7. Kids –  Wow, now this is life changing, but equally rewarding.  To the guys out there, the first couple years of changing diapers and waking up won’t be the most ideal stretch.  It’s all worth it.  It will all change your perspective on life.  Don’t rush though, it’s a ton of responsibility and is going to severely limit you for any interests outside of parenting – if you want to parent right.  Be ready, be patient, most of us have no idea how to do it right when we’re still barely not kids ourselves.  And when you do decide, figure out a number that works, this is not something to be impulsive about.  Two seems to be the universal number that makes sense – you can play man to man defense instead of zone and so much is made for units of 4 (cars, tables, etc).  If you love kids and dreamed of a huge family, you can make it work. 
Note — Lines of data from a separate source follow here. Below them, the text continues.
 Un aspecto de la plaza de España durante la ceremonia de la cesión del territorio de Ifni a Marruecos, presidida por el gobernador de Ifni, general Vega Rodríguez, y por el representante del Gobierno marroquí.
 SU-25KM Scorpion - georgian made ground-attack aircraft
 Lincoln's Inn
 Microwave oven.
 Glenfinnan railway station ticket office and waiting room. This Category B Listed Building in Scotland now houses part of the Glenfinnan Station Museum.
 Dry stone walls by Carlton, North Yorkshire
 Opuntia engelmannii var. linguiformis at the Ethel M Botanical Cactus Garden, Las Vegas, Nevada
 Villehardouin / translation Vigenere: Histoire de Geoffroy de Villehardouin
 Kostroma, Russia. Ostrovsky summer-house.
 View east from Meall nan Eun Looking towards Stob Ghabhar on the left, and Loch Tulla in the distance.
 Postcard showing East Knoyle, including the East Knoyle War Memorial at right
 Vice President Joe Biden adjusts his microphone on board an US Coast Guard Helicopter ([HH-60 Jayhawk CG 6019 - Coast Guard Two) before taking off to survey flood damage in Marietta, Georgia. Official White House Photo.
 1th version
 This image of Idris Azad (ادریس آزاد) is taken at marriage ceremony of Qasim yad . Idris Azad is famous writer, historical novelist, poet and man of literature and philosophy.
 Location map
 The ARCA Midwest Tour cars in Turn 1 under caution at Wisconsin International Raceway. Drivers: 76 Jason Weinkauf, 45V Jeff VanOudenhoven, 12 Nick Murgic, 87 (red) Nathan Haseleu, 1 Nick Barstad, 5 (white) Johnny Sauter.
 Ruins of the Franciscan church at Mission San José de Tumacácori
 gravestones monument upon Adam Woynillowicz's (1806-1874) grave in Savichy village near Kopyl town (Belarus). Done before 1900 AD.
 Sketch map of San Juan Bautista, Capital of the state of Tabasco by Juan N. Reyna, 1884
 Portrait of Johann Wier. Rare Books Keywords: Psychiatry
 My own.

8. Retirement and College Tuition – At a bare minimum, if you have a 401K available at work, contribute, contribute, contribute.  Contribute in the least to what your company matches.  It won’t feel great to stash funds on something you won’t see for a gazillion years, but as you get older, you’ll feel better and better that you did.  If you don’t have availability to a 401K, there are vehicles that can resemble out there that you should think about.  If you want to start thinking about saving for your kids college and god only knows, those will be insanely expensive, find yourself a college savings account.  It’s a great way of committing and finding little breaks to ensure you’re building that nest egg. 

 

9. Happiness – When you sum it all up, balance your life in a way that makes you happy.  In this grand dance we call life, if you’re not creating happiness for yourself, what’s really the point?   Different people find it in different ways – be proactive in getting there.  I know that’s a real macro suggestion and I wish I had all the answers on how to find it, but that’s up to you.  There are times when you’re sacrificing to get to a happier place and sacrifice is part of a fulfilling life.  The end of that formula should lead to your happiness.  You only live once.